**Given information:**

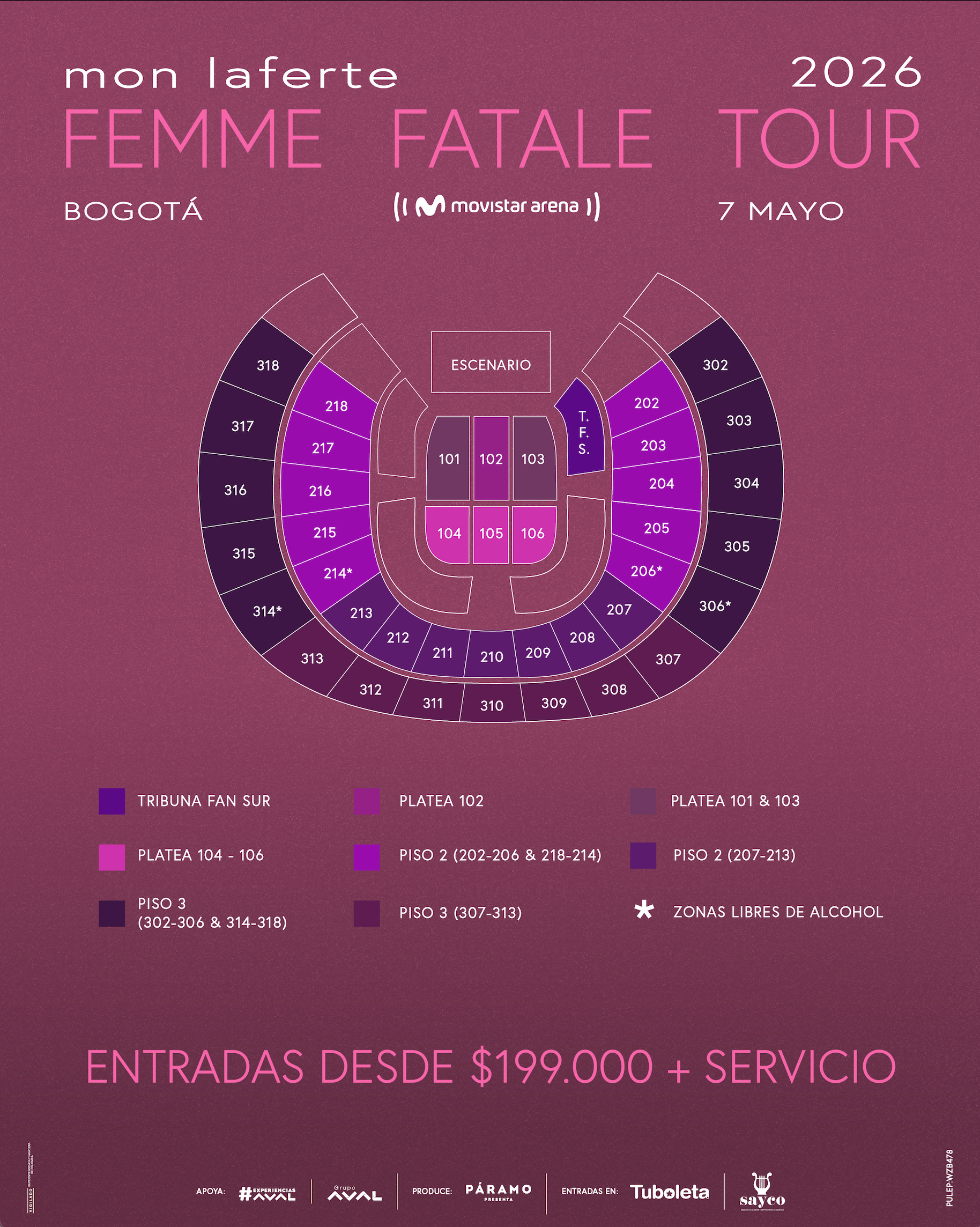 Mon Laferte, una de las voces más poderosas y auténticas de Latinoamérica, regresa a Bogotá el 7 de mayo de 2026 para presentarse en el Movistar Arena con su gira Femme Fatale.
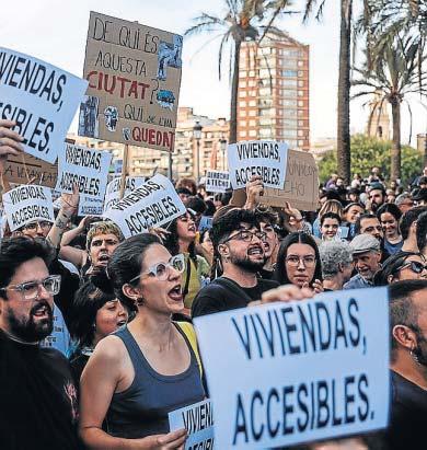 Esto ha provocado que más del 95% de los pisos anunciados para alquilar en grandes ciudades como Barcelona, Madrid y Valencia superen el límite máximo de renta a pagar para poder acceder a la ayuda. En esas tres ciudades, los precios medios están por encima de los 1.000 euros para pisos de 75 metros cuadrados –1.530 euros en Madrid, 1.680 en Barcelona y 1.073 en Valencia–. En Valencia hubo una manifestación el pasado sábado, que continuó ayer en forma de acampada ante
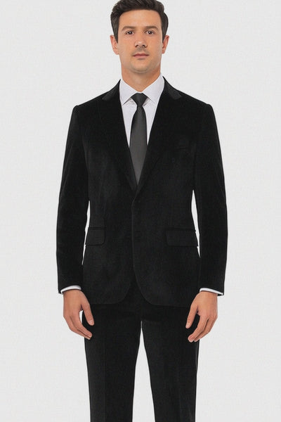 Tazzio Men’s Black Velvet Formal Suit – Slim Fit Peak Lapel Tuxedo 2-Piece
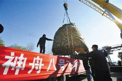 18日,神舟八号飞船在转运至呼和浩特的途中。
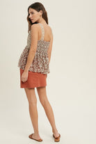 This gorgeous tank is so fun to pair with denim shorts or pants! Smocking in the back allows for a comfort fit!

**Work required:** Please retype the whole of the data precisely, omitting pictures.

**Solution below:**
 Mon Laferte, una de las voces más poderosas y auténticas de Latinoamérica, regresa a Bogotá el 7 de mayo de 2026 para presentarse en el Movistar Arena con su gira Femme Fatale.
 Esto ha provocado que más del 95% de los pisos anunciados para alquilar en grandes ciudades como Barcelona, Madrid y Valencia superen el límite máximo de renta a pagar para poder acceder a la ayuda. En esas tres ciudades, los precios medios están por encima de los 1.000 euros para pisos de 75 metros cuadrados –1.530 euros en Madrid, 1.680 en Barcelona y 1.073 en Valencia–. En Valencia hubo una manifestación el pasado sábado, que continuó ayer en forma de acampada ante
 Tazzio Men’s Black Velvet Formal Suit – Slim Fit Peak Lapel Tuxedo 2-Piece
 18日,神舟八号飞船在转运至呼和浩特的途中。
 This gorgeous tank is so fun to pair with denim shorts or pants! Smocking in the back allows for a comfort fit!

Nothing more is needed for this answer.